* _Directions for this task_
Note on the material below: return exactly the lines from the line that holds "Details: This set" through the line that holds "El OPD puede", and leave out each picture.

* _Input material_
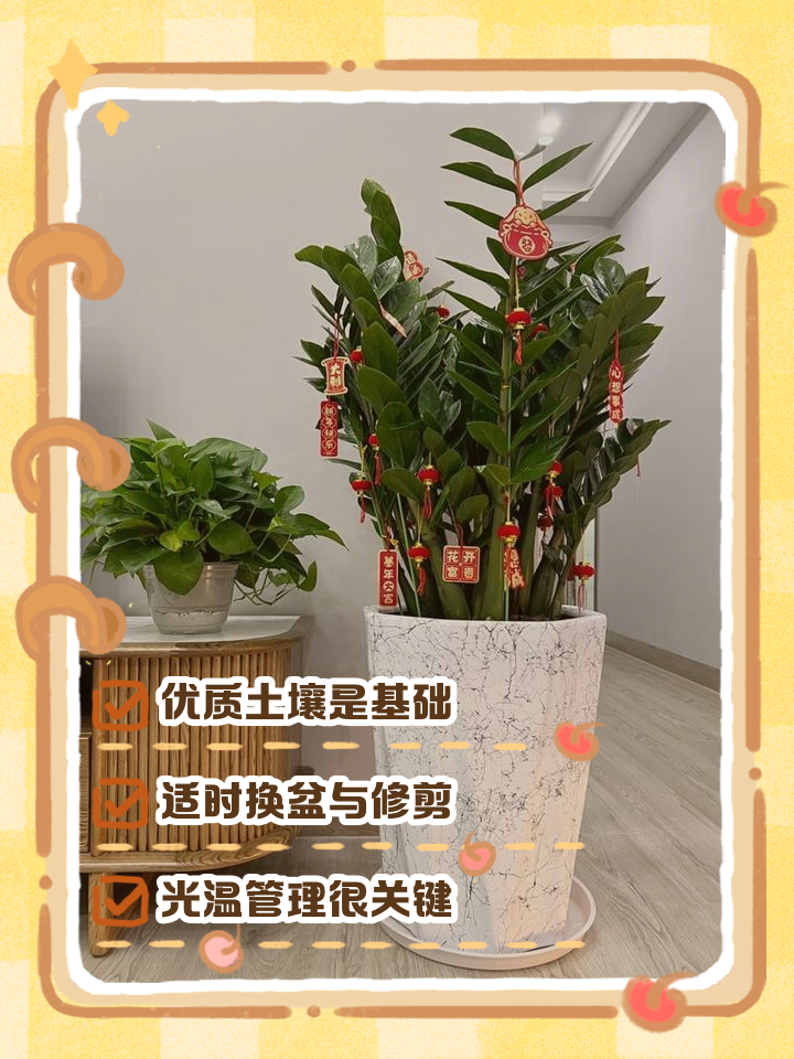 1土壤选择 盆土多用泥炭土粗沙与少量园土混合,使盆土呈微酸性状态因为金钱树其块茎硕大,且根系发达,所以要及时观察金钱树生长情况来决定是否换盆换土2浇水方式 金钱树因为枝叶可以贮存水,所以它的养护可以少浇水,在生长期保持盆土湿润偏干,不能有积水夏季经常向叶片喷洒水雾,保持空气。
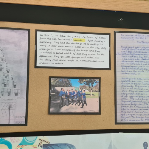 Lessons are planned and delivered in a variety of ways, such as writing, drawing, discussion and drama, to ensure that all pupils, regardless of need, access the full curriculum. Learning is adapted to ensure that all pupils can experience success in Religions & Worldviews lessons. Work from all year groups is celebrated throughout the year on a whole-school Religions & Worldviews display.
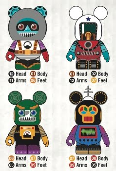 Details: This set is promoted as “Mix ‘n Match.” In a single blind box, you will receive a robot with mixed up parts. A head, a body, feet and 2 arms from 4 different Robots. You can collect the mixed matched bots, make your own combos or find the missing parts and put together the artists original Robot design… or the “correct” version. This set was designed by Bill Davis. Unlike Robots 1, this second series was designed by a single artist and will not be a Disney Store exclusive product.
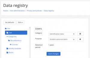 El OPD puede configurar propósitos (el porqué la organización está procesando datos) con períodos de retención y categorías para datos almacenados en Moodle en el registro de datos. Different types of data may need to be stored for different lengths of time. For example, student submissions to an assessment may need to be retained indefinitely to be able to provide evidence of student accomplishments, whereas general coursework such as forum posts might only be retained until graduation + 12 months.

--

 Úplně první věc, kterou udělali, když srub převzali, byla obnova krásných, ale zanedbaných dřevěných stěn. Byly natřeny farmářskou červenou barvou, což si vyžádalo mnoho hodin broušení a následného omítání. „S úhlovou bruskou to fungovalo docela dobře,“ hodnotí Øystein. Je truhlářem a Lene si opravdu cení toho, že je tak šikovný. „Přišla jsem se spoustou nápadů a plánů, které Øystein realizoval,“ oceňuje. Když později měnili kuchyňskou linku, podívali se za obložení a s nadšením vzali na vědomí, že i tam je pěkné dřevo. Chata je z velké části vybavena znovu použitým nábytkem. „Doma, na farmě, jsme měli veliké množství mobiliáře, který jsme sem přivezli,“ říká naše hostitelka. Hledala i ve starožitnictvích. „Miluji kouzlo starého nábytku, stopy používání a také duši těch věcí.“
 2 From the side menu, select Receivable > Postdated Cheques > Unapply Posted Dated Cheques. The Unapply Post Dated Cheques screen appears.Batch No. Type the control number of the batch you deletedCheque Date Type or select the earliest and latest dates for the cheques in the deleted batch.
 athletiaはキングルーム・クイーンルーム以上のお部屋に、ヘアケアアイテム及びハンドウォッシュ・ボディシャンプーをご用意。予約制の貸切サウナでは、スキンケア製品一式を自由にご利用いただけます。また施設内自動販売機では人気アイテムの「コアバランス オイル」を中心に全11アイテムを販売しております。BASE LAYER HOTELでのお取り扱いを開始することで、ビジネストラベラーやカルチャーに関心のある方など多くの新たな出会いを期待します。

* _Result of the task_
 Details: This set is promoted as “Mix ‘n Match.” In a single blind box, you will receive a robot with mixed up parts. A head, a body, feet and 2 arms from 4 different Robots. You can collect the mixed matched bots, make your own combos or find the missing parts and put together the artists original Robot design… or the “correct” version. This set was designed by Bill Davis. Unlike Robots 1, this second series was designed by a single artist and will not be a Disney Store exclusive product.
 El OPD puede configurar propósitos (el porqué la organización está procesando datos) con períodos de retención y categorías para datos almacenados en Moodle en el registro de datos. Different types of data may need to be stored for different lengths of time. For example, student submissions to an assessment may need to be retained indefinitely to be able to provide evidence of student accomplishments, whereas general coursework such as forum posts might only be retained until graduation + 12 months.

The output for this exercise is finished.